Место для бритья

свободное искусство

Обозреватель Ъ разговаривал со своим учителем. Разговор получился мрачным. Выяснилось, что раньше учителю все еще было более или менее, а теперь совсем какой-то мрак: и политика, и культура, да и сам обозреватель тоже, честно сказать, порядком его поддостал. Хотелось как-то поправить положение, и ГРИГОРИЙ Ъ-РЕВЗИН стал объяснять вот что.

Ну хорошо, Ходорковский сидит, со свободой не заладилось, политическая жизнь прекратилась, все напоминает 70-е годы. Но тогда было ясно, что вот если все, что сейчас прячется по кухням, будет разрешено, получится необыкновенное богатство культуры. Потом все богатство ушло в "разрешено", и выяснилось, что при свободе и демократии русская культура таинственным образом исчезает, как будто ее даже и не было. Это, конечно, не обнадеживает, даже, признаться, обескураживает. Но с другой стороны, раз сейчас все начали зажимать, кругом почти 70-е годы, то, может быть, опять все процветет?

Пока, правда, не процветает. То есть они давят, а культура не вылезает.

В январе наше искусство влилось во всемирное. Состоялась первая международная биеннале в Москве. Она, биеннале, была зимняя, проходила в Музее Ленина, был лютый мороз и метели. Я не сразу попал в музей, сначала спрашивал у друзей, чего там и как. "Там супер!-- рассказывала мне знакомая.— Там во дворе вывешен сортир, на высоте, и из него такая желтая сосулька, метровая. И каждый может зайти туда, в сортир, и ее увеличить. Хеппенинг!" Через пару дней мой друг рассказывал мне: "Мне в музее больше всего понравилось две вещи. Во-первых, там художники Мизин и Шабуров выставили такие картонные коробочки, а на дно проецируется изображение. И вот в одной коробочке там Ленин вертится, как бы во сне, но это так, конъюнктура, а в другой там такие отвратительные серые человечки друг на друга бросаются и с радостным хрюканьем начинают сношаться. Очень сильно. Ну а во-вторых, сосулька. Она уже метра три или четыре, желтый лед. Поразительно монументально".

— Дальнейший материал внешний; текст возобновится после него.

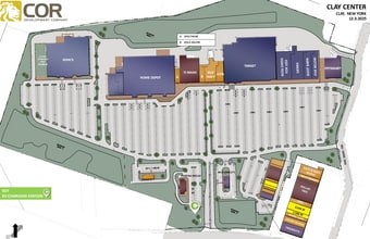 COR Center — Clay, NY - Environ 510 000 pieds carrés La plus grande ville du comté d'Onondaga, Clay a une superficie de 56,5 milles carrés et comprend une partie du village de North Syracuse. En banlieue de Syracuse, Clay se trouve à proximité de l'aéroport international Syracuse Hancock et des routes américaines 81 et 90. En tant que principal emplacement d'affaires à Clay, l'une des régions du centre de New York connaissant la croissance la plus rapide, le COR Center offre une occasion exceptionnelle pour tout type d'entreprise commerciale. Les visiteurs du Centre profitent d'une variété d'options de vente au détail et de restauration dans les vitrines qui offrent une atmosphère agréable et cohésive. Le Centre occupe plus de 515 000 pieds carrés d'espace, avec 1 000 pieds linéaires de façade routière sur un site de 100 acres. Bail foncier ou construction en fonction des possibilités de zonage commercial.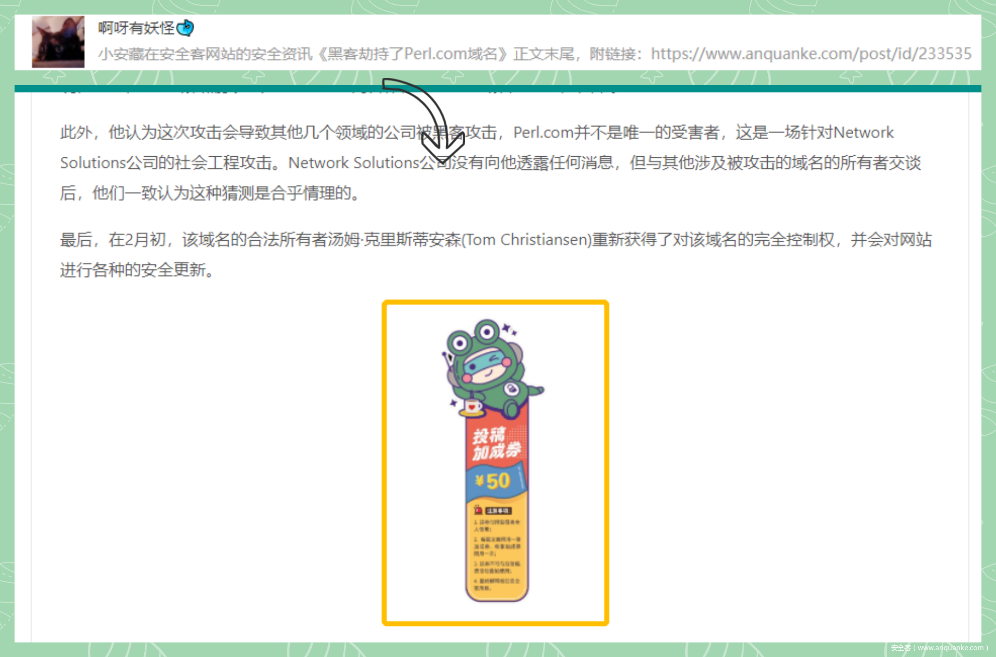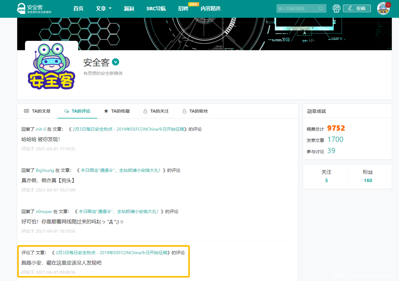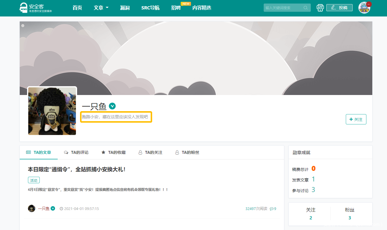 小安删稿跑路,不愿透露姓名的某兔报警之余,发布4月1日限定“悬赏令”,重奖悬赏找小安!4月1日10:00-18:00,不论大佬、小白,还是吃瓜群众,皆可在“安全客”官网,寻找跑路小安藏匿点,提报藏匿地点信息将有机会领取专属礼物!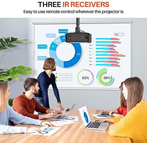 【THREE IR RECEIVERS】With up to date three IR receivers design, Efficiency V620 projector makes it simple so that you can use distant. In contrast with different projector simply have 2 IR receivers, this projector brings you extra decisions and conveninece for residence leisure and presentation.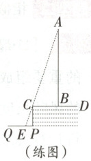 练 如图,安装路灯 $AB$ 的路面 $CD$ 比种植树木的地面 $PQ$ 高 $CP = 1.2\mathrm{m}$,在路灯的照射下,路基 $CP$ 留在地面上的影长 $EP$ 为 $0.4\mathrm{m}$,通过测量知道 $BC$ 的距离为 $1.5\mathrm{m}$,则路灯 $AB$ 的高度是 (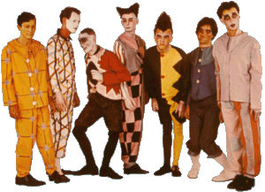 die Band Crowded House zusammen mit seinen Split Enz-Kollegen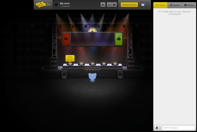 Rooms were previously capped at 200 listeners. With the latest updates, the first 200 users will have “a spot close to the stage” and can watch their little avatar bob their head to the music. Everyone else will listen in what Turntable.fm calls an overflow room. Users will still listen to the same music and have the ability to chat with the DJs, but not with the other users in the room. Like in real life, it’s first come, first serve.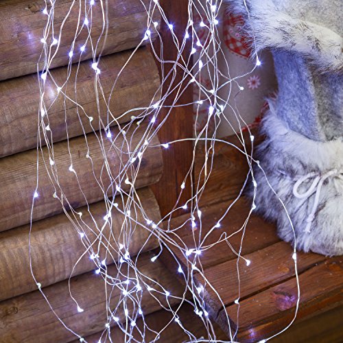 Ciuffo Metal 1,5 m, 350 microled Bianco Freddo, Cavo Metal, Flashing, con trasformatore 12V, Uso Interno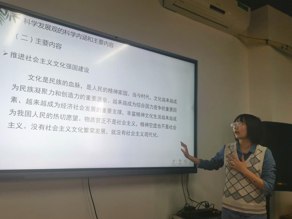 本次活动重点围绕《毛泽东思想和中国特色社会主义理论体系概论》第七章展开。从教学目标和内容看,陈老师将“科学发展观”科学内涵和主要内容作为重、难点进行突破;从教学方法看,她紧扣学生年龄和兴趣特点,灵活运用案例教学法、自主学习法、主题讨论法和探究式教学法,提供大量教学资源。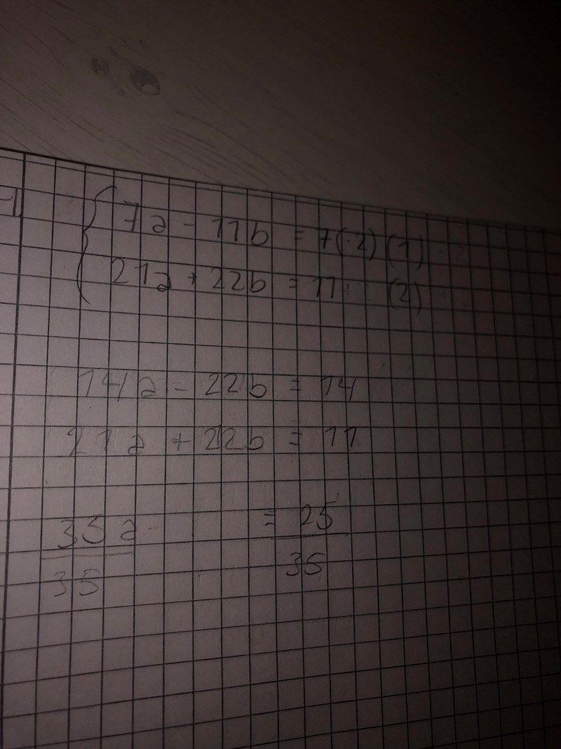 7a-11b=7, lös ut vilken som du vill. Jag väljer a.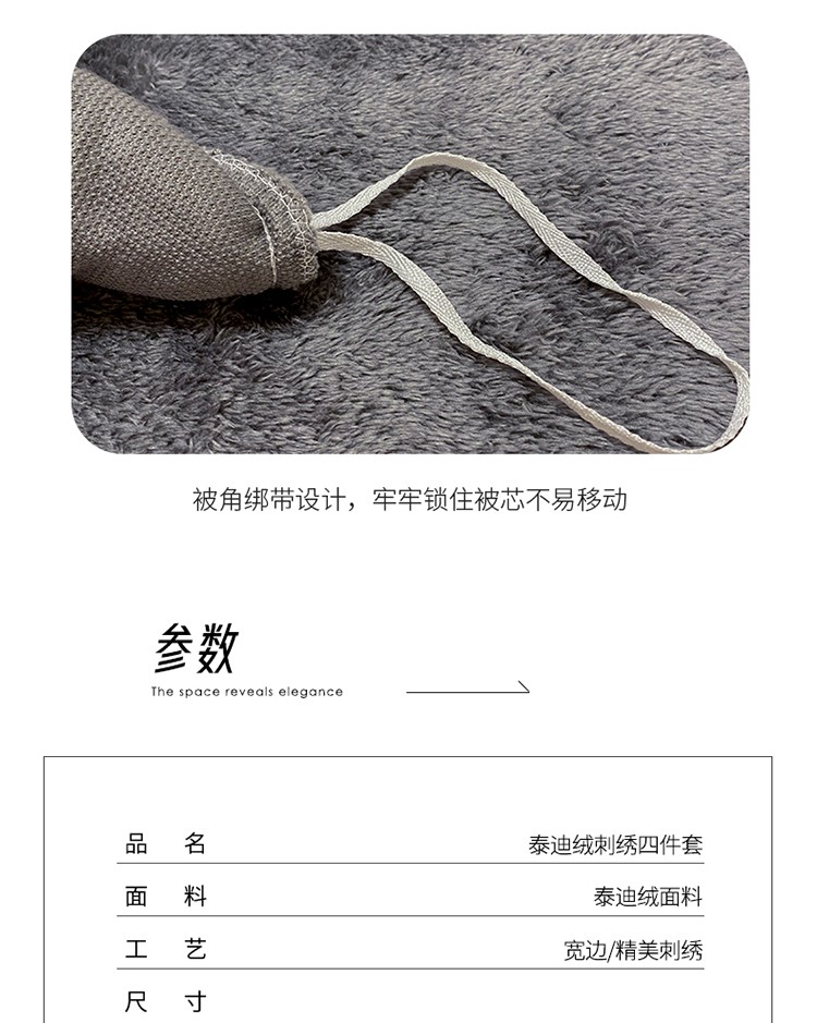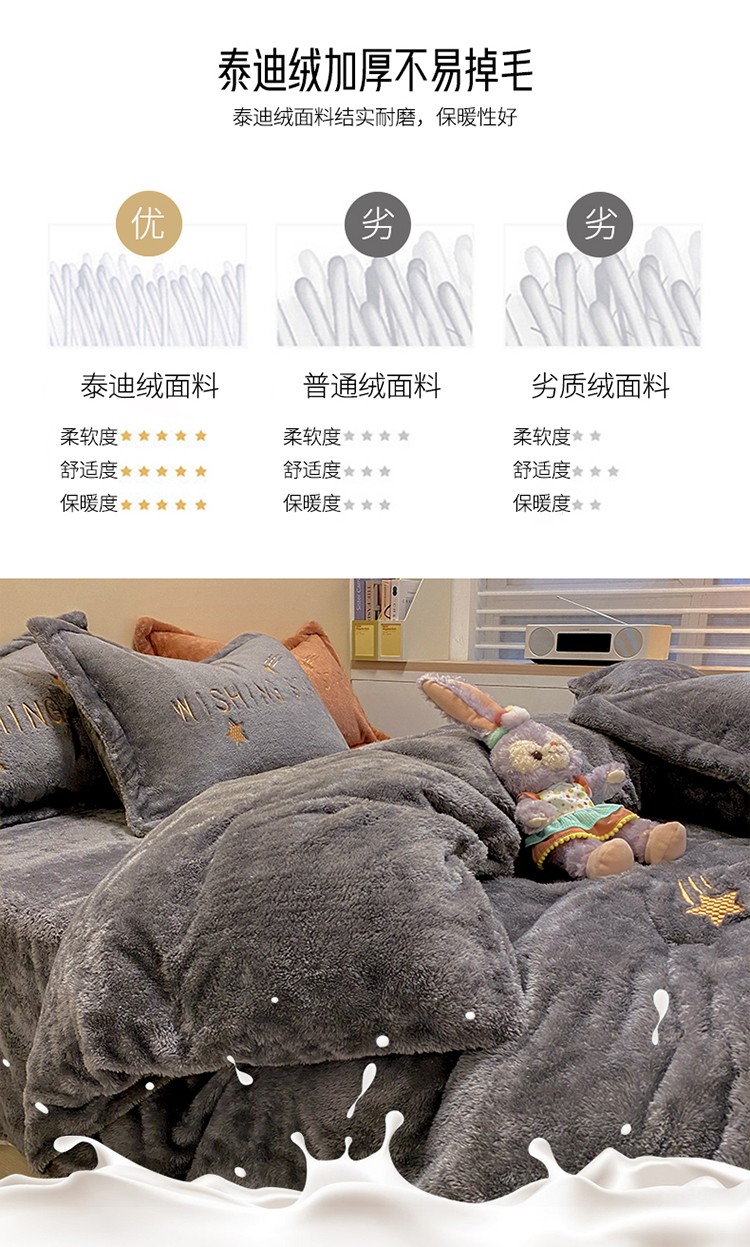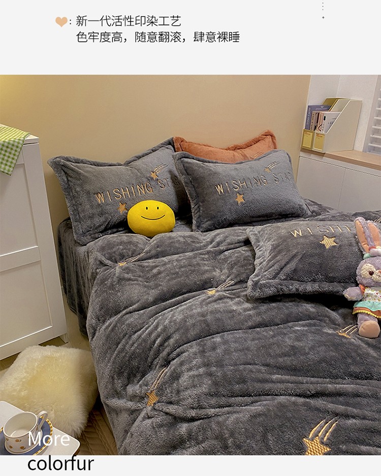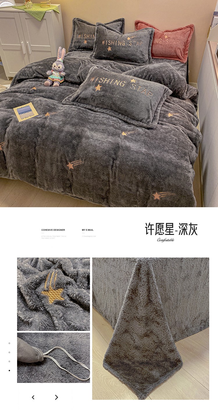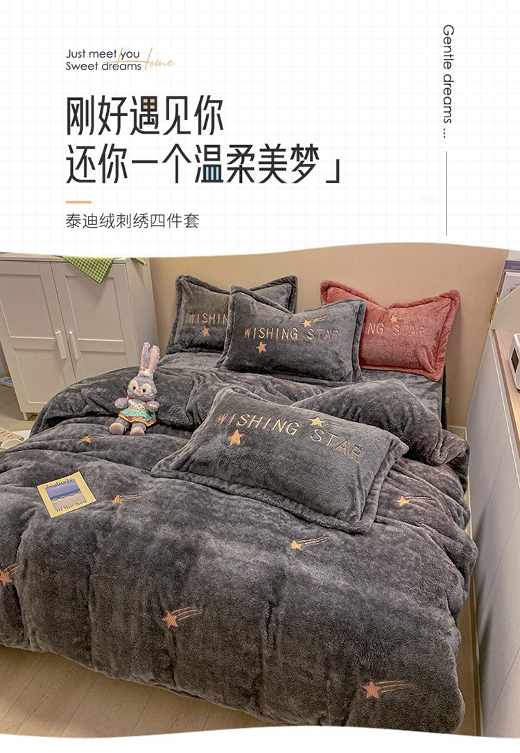 商品名称:雅居纺 2022新款泰迪绒绣花四件套拍摄风格2 许愿星-深灰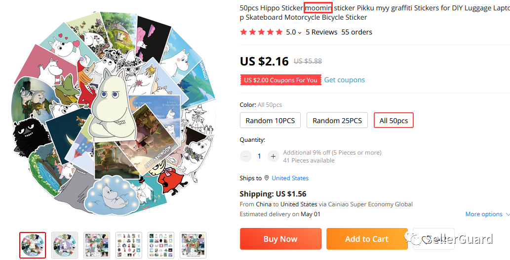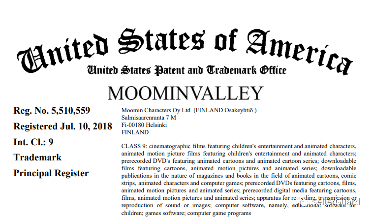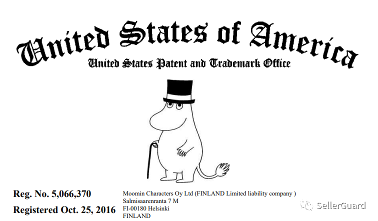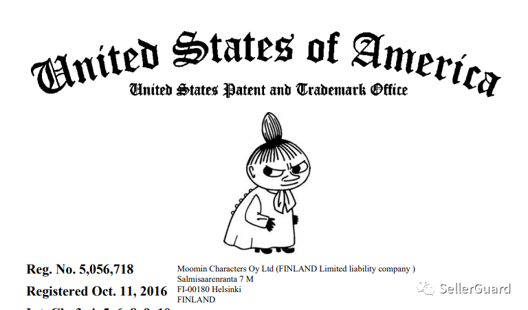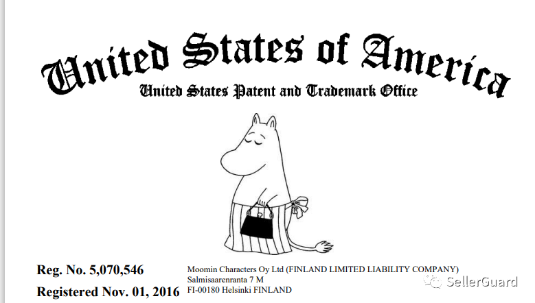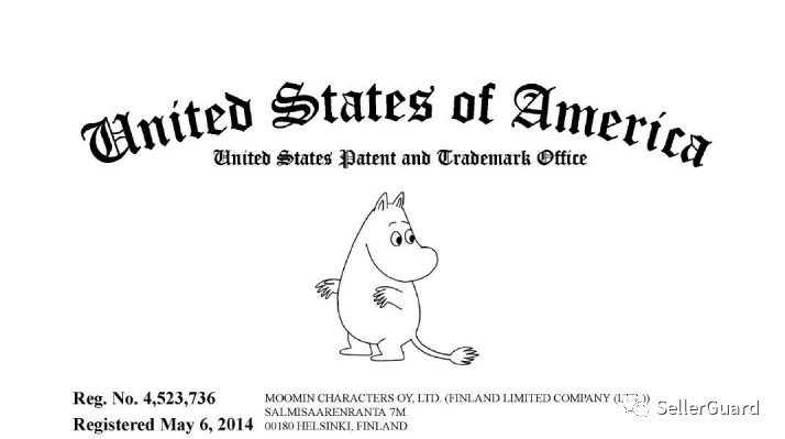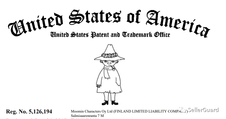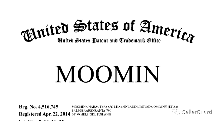 原告公司Moomin Characters Oy, Ltd 持有以下文字和图案商标,如果出现在了产品链接中,就有被告的风险。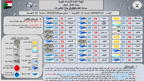- 🌡️ أدنى درجة حرارة صباح اليوم: 19.6°م في سنار وكادقلي

Биеннале длилась весь январь и немного февраля. Путин переназначил губернатора Дарькина, в Совете федерации началась борьба против самостоятельности мэров, еще почему-то в СМИ распространялась информация о том, что приговор Ходорковскому может быть вынесен в январе 2005-го, а потом 14 января ему предъявили новое обвинение. Телевизор смотреть стало совсем невозможно — казалось, кабы не зима, дикторы сейчас начали бы радостно рассказывать про новости с полей. Сосулька росла и становилась все монументальнее. Она не успела растаять, ее вывезли, когда крупнейший мировой форум современного искусства закрылся. У меня это так и осталось самым сильным впечатлением за год. Все остальное я рассматривал в русле этой сосульки.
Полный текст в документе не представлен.